27 A Unique ´Cargo Internalization Receptor (CIR)´ System for In Vivo Tracking of Individual Cell Populations by 19F MRI
Pascal Bouvain, Paul Baran, Tuba Güden-Silber, Sebastian Temme, Jens Moll, Doreen Floss, Christoph Grapentin, Jürgen Scheller, Ulrich Flögel
Synopsis: We demonstrate the capability of unique ‘cargo internalization receptors’ (CIR) for specific cell tracking. A nanobody for green fluorescent protein (GFP) was used to engineer surface receptors which undergo rapid internalization after GFP binding. For 19F MR visibility, the GFP carrier was equipped with perfluorocarbon (PFC) contrast cargo. PFC cargo uptake after CIR transfection was verified by flow cytometry, confocal microscopy, and 1H/19F MRI. The results show that this approach can be successfully used for targeted contrast agent internalization, which can be extended to an cell-specific CIR expression in transgenic mice for in vivo cell tracking by 19F MRI.

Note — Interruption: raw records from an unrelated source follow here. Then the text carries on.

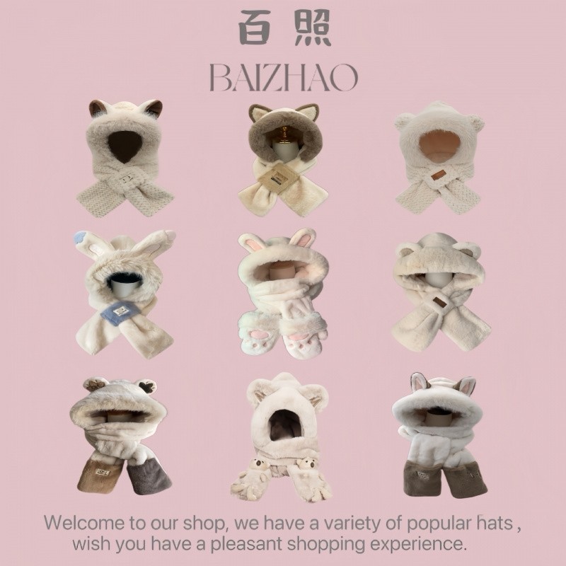 帽子女款2025新款帽子围巾一体防风帽毛绒保暖可爱加厚护耳秋冬季
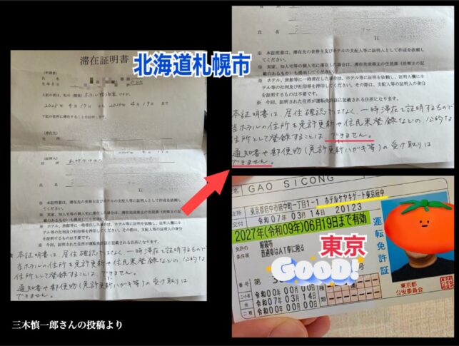 特に、札幌のあるホテルが発行した「滞在証明書」による対応は、明確に「これは住民登録には使えません」という記述がなされており、責任ある対応をしていると思いました。しかし、その隣に掲載されていた免許証には、しっかりと「ホテル名」の記載があるのです。これが現実なのかと、正直唖然としました。
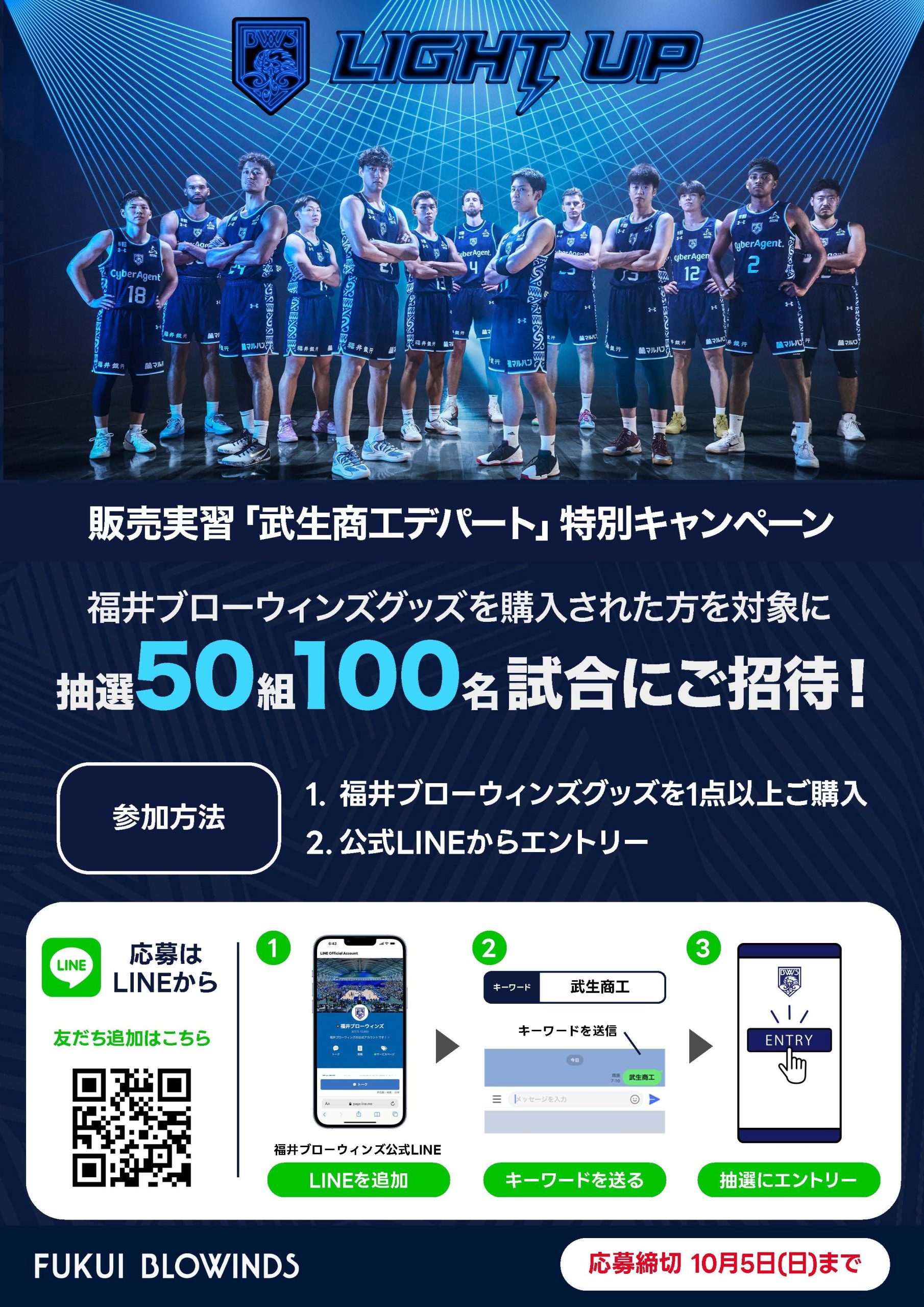 武生商工デパートで、福井ブローウィンズグッズを購入された方を対象に、抽選50組100名様を試合にご招待というビッグキャンペーンになります。
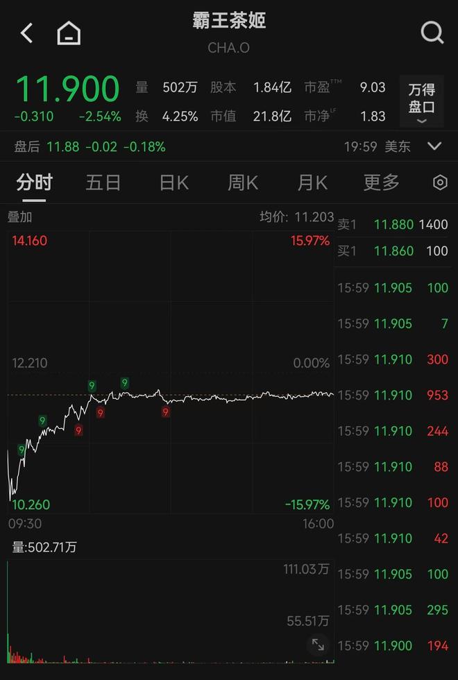 | < ロ | 霸王茶姬 | | | --- | --- | --- | | CHA.O | | | | 11.900 量 502万 股本 1.84亿 市盈" 9.03 | 万得 | | | 盘口 | -0.310 -2.54% 换 4.25% 市值 21.8亿 市净 1.83 | | | 盘后 11.88 -0.02 -0.18% | 19:59 美东 V | | | 分时 | 五日 日K 周K 更多 | 6 | | 叠加 均价: 11.203 卖1 11.880 1400 14.160 15.97% | | | | 买1 11.860 100 | | | | 15:59 11.905 100 | | | | 15:59 11.905 | | 7 | | 0.00% 15.59 11.910 300 12.210 | | | | Mantination 15:59 11.910 MM | | 953 | | 15:59 11.910 | | 244 | | 15:59 11.910 | | 88 | | -1597% 15:59 11.910 10.260 | | 100 | | 16:00 09:30 | ...

28 Characterization of Gd-DOTA-APC, a novel cancer-targeting MRI contrast agent
Christina Brunnquell, Ray Zhang, Benjamin Cox, Anatoly Pinchuk, Alan McMillan, Jamey Weichert
In this work we characterize the relaxivity, chemical stability, and tumor-specific uptake of a cancer-targeting T1-shortening contrast agent, Gd-DOTA-APC. We observe striking longitudinal relaxivity of up to 16.5 s-1/mM and 10.6 s-1/mM at 1.5T and 3.0T, respectively. High chemical stability was measured, with less than 0.1% free Gd3+ detected after dissolution of the agent in buffer. Finally, we observe tumor-specific T1-weighted signal enhancement following Gd-DOTA-APC delivery, sustained out to seven days after administration. These observations indicate that Gd-DOTA-APC holds potential as a safe and effective agent for targeted cancer imaging.

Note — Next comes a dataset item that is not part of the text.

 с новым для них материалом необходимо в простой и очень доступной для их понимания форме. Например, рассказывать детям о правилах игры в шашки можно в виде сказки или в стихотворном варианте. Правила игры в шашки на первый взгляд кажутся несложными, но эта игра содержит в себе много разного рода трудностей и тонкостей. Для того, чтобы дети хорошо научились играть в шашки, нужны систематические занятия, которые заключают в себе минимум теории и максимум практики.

29 CMRO2 Quantification in Human Brain with Direct 17O-MRI: Profile Likelihood Analysis for Optimization of Temporal Resolution - permission withheld
Dmitry Kurzhunov, Robert Borowiak, Ali Özen, Michael Bock
In this study the temporal resolution of 17O-MRI protocols for quantification of the cerebral metabolic rate of oxygen consumption (CMRO2) in human brain were optimized using the profile likelihood (PL) method. For this, retrospective analysis of the influence of temporal resolution on the CMRO2 values and their PL-based confidence intervals (CI) was performed. Dynamic 17O-MRI was implemented with a 3D golden-angle radial acquisition during and after inhalation of 17O gas. The results showed that 17O-MRI data acquired at a temporal resolution 120≤Δt≤165 seconds gave identifiable CMRO2 values of 0.82-1.18/0.92-1.42 µmol/gtissue/min in WM/GM brain regions. 

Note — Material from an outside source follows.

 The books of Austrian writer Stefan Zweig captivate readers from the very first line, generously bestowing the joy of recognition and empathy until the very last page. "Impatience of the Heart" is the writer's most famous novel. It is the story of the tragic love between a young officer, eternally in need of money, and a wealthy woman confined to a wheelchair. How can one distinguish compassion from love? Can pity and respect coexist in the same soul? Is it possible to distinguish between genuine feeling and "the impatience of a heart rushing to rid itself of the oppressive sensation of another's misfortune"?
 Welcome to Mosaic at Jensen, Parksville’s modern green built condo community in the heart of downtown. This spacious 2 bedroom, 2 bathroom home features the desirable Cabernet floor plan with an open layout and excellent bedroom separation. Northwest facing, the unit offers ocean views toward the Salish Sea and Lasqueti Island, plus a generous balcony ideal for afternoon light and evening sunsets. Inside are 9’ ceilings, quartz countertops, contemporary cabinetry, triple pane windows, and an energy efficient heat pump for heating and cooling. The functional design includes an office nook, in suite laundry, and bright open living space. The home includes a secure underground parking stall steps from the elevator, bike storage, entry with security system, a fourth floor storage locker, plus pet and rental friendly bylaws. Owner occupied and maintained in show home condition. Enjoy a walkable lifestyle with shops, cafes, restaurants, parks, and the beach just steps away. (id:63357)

30 Region-Specific Effects of AMP-Activated Protein Kinase on the Neurochemical Profiles of the Hippocampus and Midbrain in Mice
Ivan Tkac, Biplab Dasgupta, Raghavendra Rao
Adenosine monophosphate-activated protein kinase (AMPK) is an evolutionarily conserved signaling molecule essential for cellular energy balance. AMPK senses metabolic stress and integrates diverse physiological signals to restore energy balance. Its role in the normal brain development is not well understood. The purpose of this study was to assess whether neurochemical profiles of developing mouse brain are affected by knocking out of AMPK enzyme in a region-specific manner. Observed changes in metabolite levels (Lac, Glu) indicate reduced energy metabolism in AMPK knockout mice relative to WT controls. In addition, changes in myo-Ins suggest osmotic stress.